* [TASK TO COMPLETE]:
Copy the lines below exactly. No picture goes into the copy.

* [Stored items]:
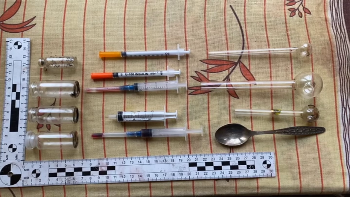 При обследовании квартиры подозреваемого было изъято 5 шприцев, а также различные приспособления и предметы для употребления наркотиков, на которых, согласно справке об исследовании, найдены следы N-метилэфедрона.
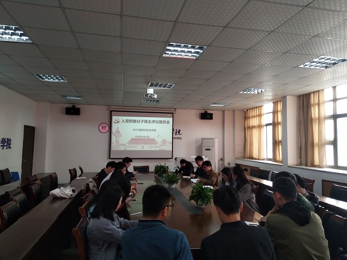 4月16日下午,36365线路检测中心2017级研究生党支部在学院四楼会议室召开了入党积极分子民主评议推优会。共有16位班级同学、3位支委会成员参加,会议由组织委员黄世凯主持。
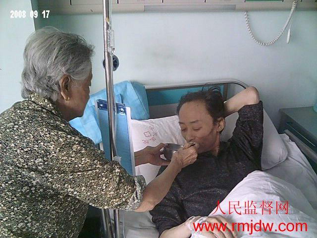 变质疫苗受害家庭八旬老人李秀兰给病危儿子喂水
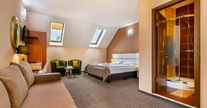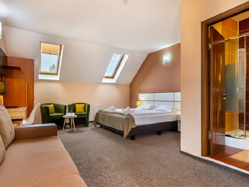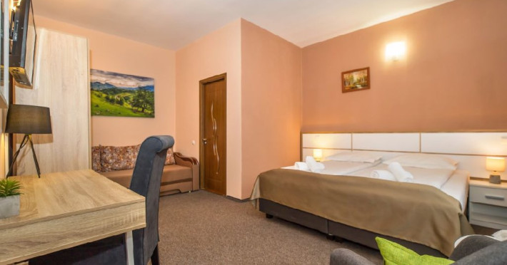 - Family 4- cu pat matrimonial 180/200 si canapea extensibila cu saltea matrimoniala 160/200 - capacitate max 4 pers.
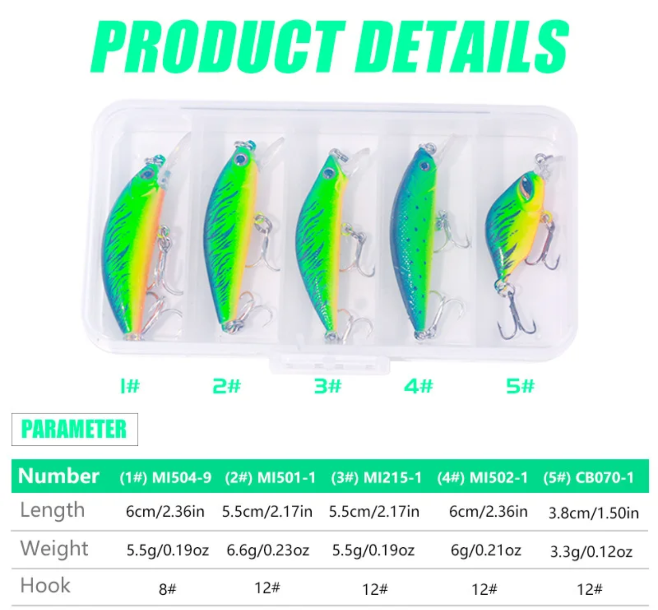 Dieses 5-teilige Wobbler-Set ist ideal für das Spinnfischen auf Raubfische im Süßwasser. Die unterschiedlich geformten Kunstköder ermöglichen abwechslungsreiche Laufbewegungen und decken verschiedene Lauftiefen ab.
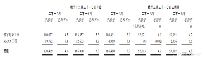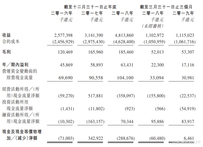 招股书显示,截止2016至2018年度及2019年3月31日,公司实现营收分别为25.77亿港元、31.41亿港元、48.14亿港元及11.15亿港元,2016年至2018年期间复合增长率为36.68%;毛利分别为1.20亿港元、1.66亿港元、1.85亿港元及5330.7万港元;年/期内溢利分别为4586.9万港元、5889.3万港元、6343.1万港元及1711.6万港元。
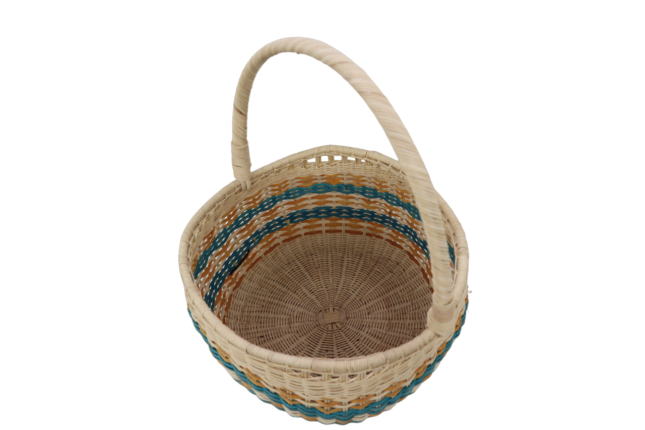 1. BAKUL YANG DIPERBUAT DARIPADA ROTAN PULUR DAN DILENGKAPI DENGAN TANGKAI, MEMPUNYAI CORAK YANG MENARIK.
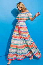 A printed woven maxi dress featuring off shoulder neckline with flounce, elasticized waist with self sash tie and tiered skirt
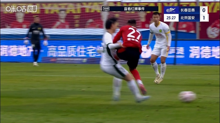 11月01日讯 中超第29轮 长春亚泰vs北京国安。比赛第26分钟,亚泰外助卡米洛踹中江体裁群众腹部,VAR介入认定非红牌。主裁判给了卡米洛黄牌。
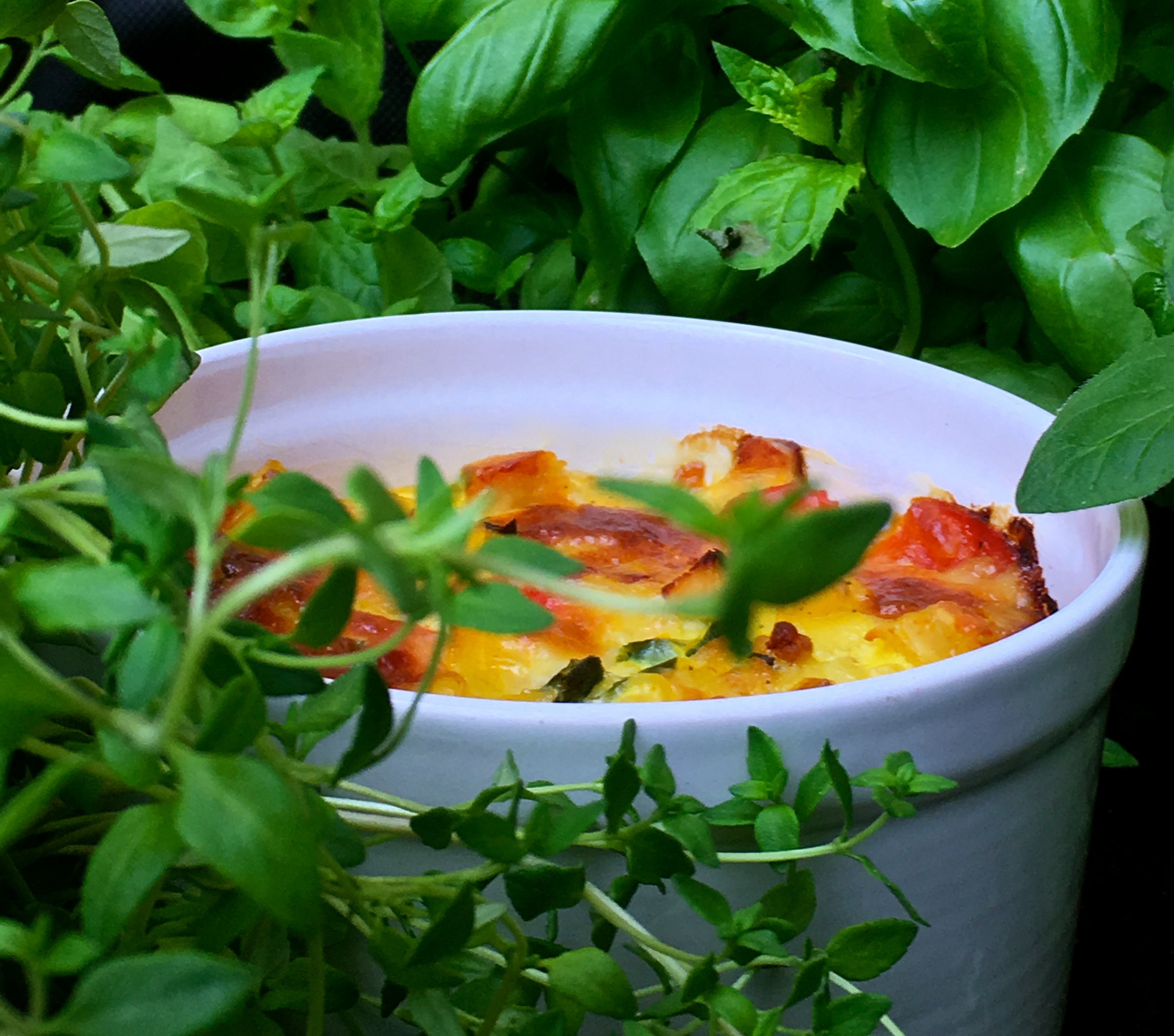 Kuutioi tomaatti. Ripottele leivänmurut, loppu feta ja tomaattikuutiot ruoan pinnalle ja siirrä vuoka uuniin. Paista noin 30 min.
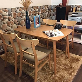 Mô tả sản phẩm - Kích thước bàn 1,2m*75cm, cao 75cm - Kích thước ghế 45*45*80cm - Chất liệu gỗ cao su tự nhiên, chất liệu nệm: simili - Mặt bàn HDF Lỗi xanh -
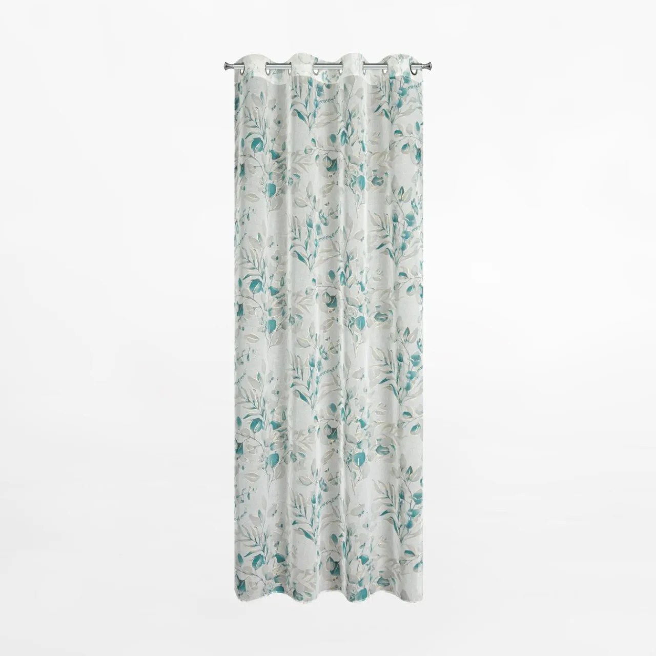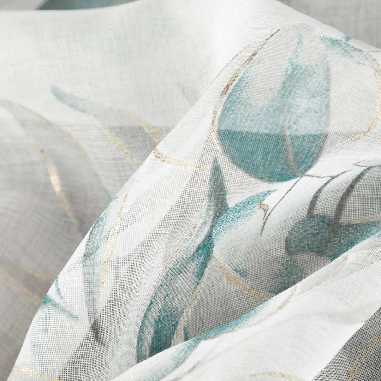 Zwiewna zasłona na przelotkach AVA z motywem liści muśniętych szampańskim złotem dopełni aranżację w stylu glamour.
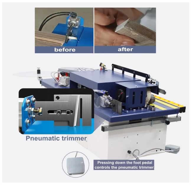 - Doble función versátil – Enchapado y corte automático para cantos rectos (ideal para producción en serie) + corte manual con pedal neumático para cantos curvos y formas complejas.

* [RESULT OF THIS EXERCISE]:
 При обследовании квартиры подозреваемого было изъято 5 шприцев, а также различные приспособления и предметы для употребления наркотиков, на которых, согласно справке об исследовании, найдены следы N-метилэфедрона.
 4月16日下午,36365线路检测中心2017级研究生党支部在学院四楼会议室召开了入党积极分子民主评议推优会。共有16位班级同学、3位支委会成员参加,会议由组织委员黄世凯主持。
 变质疫苗受害家庭八旬老人李秀兰给病危儿子喂水
 - Family 4- cu pat matrimonial 180/200 si canapea extensibila cu saltea matrimoniala 160/200 - capacitate max 4 pers.
 Dieses 5-teilige Wobbler-Set ist ideal für das Spinnfischen auf Raubfische im Süßwasser. Die unterschiedlich geformten Kunstköder ermöglichen abwechslungsreiche Laufbewegungen und decken verschiedene Lauftiefen ab.
 招股书显示,截止2016至2018年度及2019年3月31日,公司实现营收分别为25.77亿港元、31.41亿港元、48.14亿港元及11.15亿港元,2016年至2018年期间复合增长率为36.68%;毛利分别为1.20亿港元、1.66亿港元、1.85亿港元及5330.7万港元;年/期内溢利分别为4586.9万港元、5889.3万港元、6343.1万港元及1711.6万港元。
 1. BAKUL YANG DIPERBUAT DARIPADA ROTAN PULUR DAN DILENGKAPI DENGAN TANGKAI, MEMPUNYAI CORAK YANG MENARIK.
 A printed woven maxi dress featuring off shoulder neckline with flounce, elasticized waist with self sash tie and tiered skirt
 11月01日讯 中超第29轮 长春亚泰vs北京国安。比赛第26分钟,亚泰外助卡米洛踹中江体裁群众腹部,VAR介入认定非红牌。主裁判给了卡米洛黄牌。
 Kuutioi tomaatti. Ripottele leivänmurut, loppu feta ja tomaattikuutiot ruoan pinnalle ja siirrä vuoka uuniin. Paista noin 30 min.
 Mô tả sản phẩm - Kích thước bàn 1,2m*75cm, cao 75cm - Kích thước ghế 45*45*80cm - Chất liệu gỗ cao su tự nhiên, chất liệu nệm: simili - Mặt bàn HDF Lỗi xanh -
 Zwiewna zasłona na przelotkach AVA z motywem liści muśniętych szampańskim złotem dopełni aranżację w stylu glamour.
 - Doble función versátil – Enchapado y corte automático para cantos rectos (ideal para producción en serie) + corte manual con pedal neumático para cantos curvos y formas complejas.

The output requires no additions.